Hereinafter, embodiments disclosed in this document will be described in detail with reference to the exemplary drawings. In adding reference numerals to components of each drawing, it should be noted that the same components are given the same reference numerals even though they are indicated in different drawings. In addition, in describing the embodiments disclosed in this document, when it is determined that a detailed description of a related known configuration or function interferes with the understanding of an embodiment disclosed in this document, the detailed description thereof will be omitted.

To describe a component of an embodiment disclosed herein, terms such as first, second, A, B, (a), (b), etc., may be used. These terms are used merely for distinguishing one component from another component and do not limit the component to the essence, sequence, order, etc., of the component. The terms used herein, including technical and scientific terms, have the same meanings as terms that are generally understood by those skilled in the art, as long as the terms are not differently defined. Generally, the terms defined in a generally used dictionary should be interpreted as having the same meanings as the contextual meanings of the relevant technology and should not be interpreted as having ideal or exaggerated meanings unless they are clearly defined in the present application.

FIG. 1 illustrates a battery pack according to an embodiment disclosed herein.

Referring to FIG. 1, a battery pack 10 according to an embodiment disclosed herein may include a battery module 100, a battery management apparatus 200, and a relay 300.

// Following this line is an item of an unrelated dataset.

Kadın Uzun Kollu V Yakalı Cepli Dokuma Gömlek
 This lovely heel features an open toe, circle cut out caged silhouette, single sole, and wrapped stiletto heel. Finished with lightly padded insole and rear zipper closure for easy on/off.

The battery module 100 may include a plurality of battery cells 110, 120, 130, and 140. Although the plurality of battery cells are illustrated as four in FIG. 1, the present disclosure is not limited thereto, and the battery module 100 may include n battery cells (n is a natural number greater than or equal to 2). The battery module 100 may supply power to a target device (not shown). To this end, the battery module 100 may be electrically connected to the target device. Herein, the target device may include an electrical, electronic, or mechanical device that operates by receiving power from the battery pack 10 including the plurality of battery cells 110, 120, 130, and 140, and the target device may be, for example, an electric vehicle (EV), but is not limited thereto.

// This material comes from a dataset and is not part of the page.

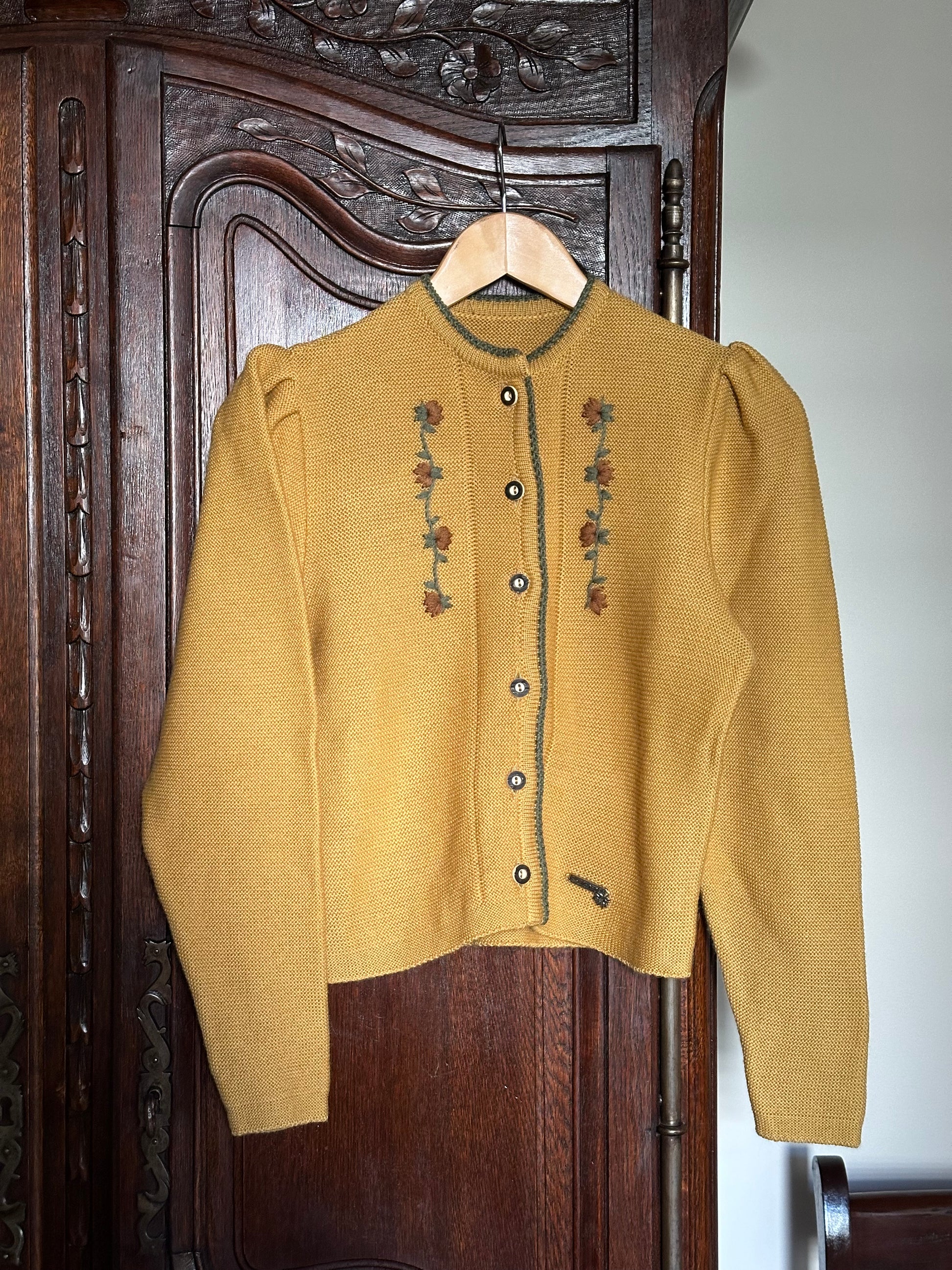 Romantic vintage Austrian cardigan in a lovely mustard yellow color featuring front button fastening with faux horn buttons, long puffed sleeves, round collar and a slightly cropped fit. The cardigan is decorated with a sage green hem on the front and neckline and a beautiful floral embroidery on the chest.

The plurality of battery cells 110, 120, 130, and 140 may be a lithium ion (Li-ion) battery, an Li-ion polymer battery, a nickel-cadmium (Ni—Cd) battery, a nickel hydrogen (Ni—MH) battery, etc., and are not limited thereto. Meanwhile, although one battery module 100 is illustrated in FIG. 1, the battery module 100 may be configured in plural according to an embodiment.

The battery management apparatus 200 may manage and/or control a state and/or an operation of the battery module 100. For example, the battery management apparatus 200 may manage and/or control the states and/or operations of the plurality of battery cells 110, 120, 130, and 140 included in the battery module 100. The battery management apparatus 200 may manage charging and/or discharging of the battery module 100.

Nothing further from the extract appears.